AIM OF THE EXERCISE: Write the records below out in full, character for character, with no pictures.

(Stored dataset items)
# # # # # # #
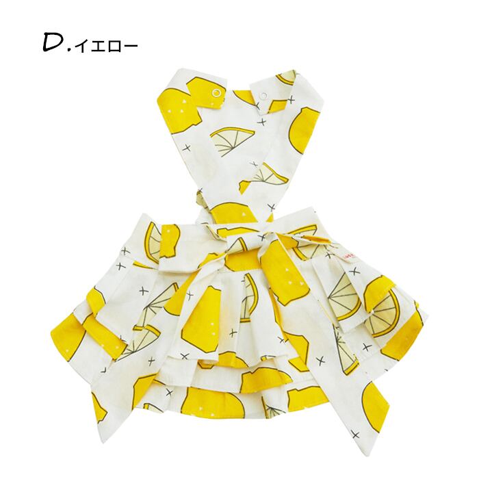 KM954SK新作 ワンピース 花柄 レモン 犬服 春 夏 フレンチブルドッグ トイプードル 服 中型犬 小型犬 フレブル イエロー グリーン レッド オレンジ 花 女の子 スカート フリル 犬 服 ドッグウェア ペット服
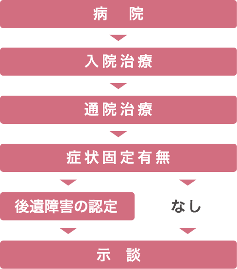 ●治療終了・・・・精神的損害・休業損害など認定後、保険により支払い
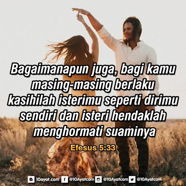 Bagaimanapun juga, bagi kamu masing-masing berlaku: kasihilah isterimu seperti dirimu sendiri dan isteri hendaklah menghormati suaminya.
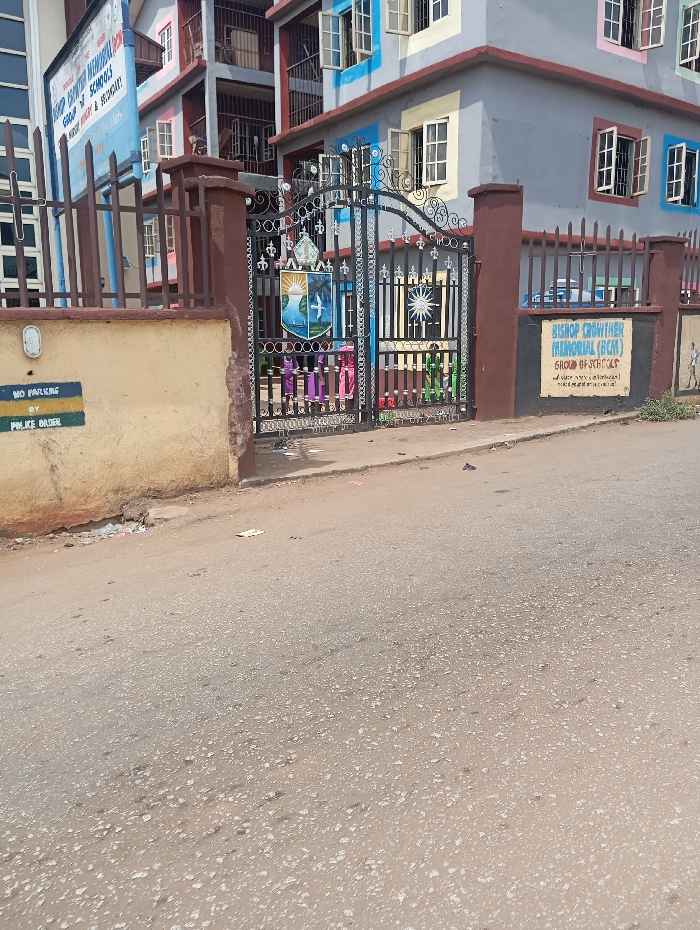 The image depicts the street-level entrance to the Bishop Crowther Memorial Schools in Onitsha, Nigeria
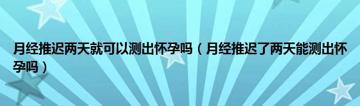 大家好,linda来为大家解答以上的问题。月经推迟两天就可以测出怀孕吗,月经推迟了两天能测出怀孕吗很多人还不知道,现在让我们一起来看看吧!
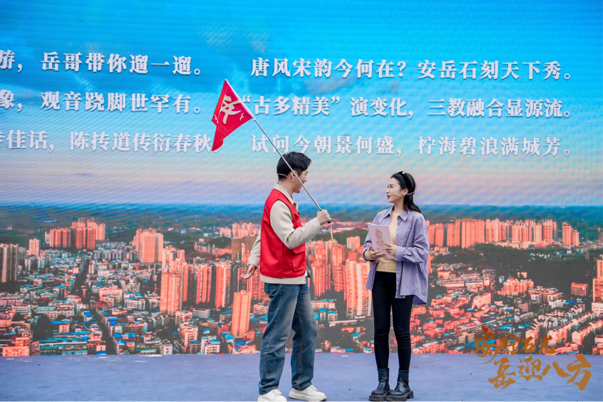 为了让珍贵的文化遗产“活起来”,此次安岳石刻文化艺术季面向公众开展了线上线下活动,邀请更多群众了解安岳、走进安岳。线下活动以微情景剧等方式,推介、展示安岳石刻的独特资源和价值,带领观众一同聆听唐宋石刻的风声、感受普州古城的气韵。
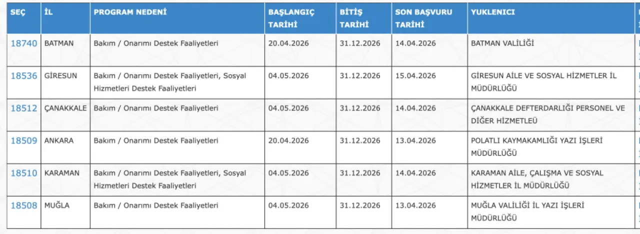 Toplum Yararına Program kapsamında açılan ilanlar incelendiğinde, özellikle Orman Genel Müdürlüğü ve bazı il valiliklerinin aktif rol aldığı görülüyor.
# # # # # # #
OUTPUT FOR THIS EXERCISE:
 KM954SK新作 ワンピース 花柄 レモン 犬服 春 夏 フレンチブルドッグ トイプードル 服 中型犬 小型犬 フレブル イエロー グリーン レッド オレンジ 花 女の子 スカート フリル 犬 服 ドッグウェア ペット服
 ●治療終了・・・・精神的損害・休業損害など認定後、保険により支払い
 Bagaimanapun juga, bagi kamu masing-masing berlaku: kasihilah isterimu seperti dirimu sendiri dan isteri hendaklah menghormati suaminya.
 The image depicts the street-level entrance to the Bishop Crowther Memorial Schools in Onitsha, Nigeria
 大家好,linda来为大家解答以上的问题。月经推迟两天就可以测出怀孕吗,月经推迟了两天能测出怀孕吗很多人还不知道,现在让我们一起来看看吧!
 为了让珍贵的文化遗产“活起来”,此次安岳石刻文化艺术季面向公众开展了线上线下活动,邀请更多群众了解安岳、走进安岳。线下活动以微情景剧等方式,推介、展示安岳石刻的独特资源和价值,带领观众一同聆听唐宋石刻的风声、感受普州古城的气韵。
 Toplum Yararına Program kapsamında açılan ilanlar incelendiğinde, özellikle Orman Genel Müdürlüğü ve bazı il valiliklerinin aktif rol aldığı görülüyor.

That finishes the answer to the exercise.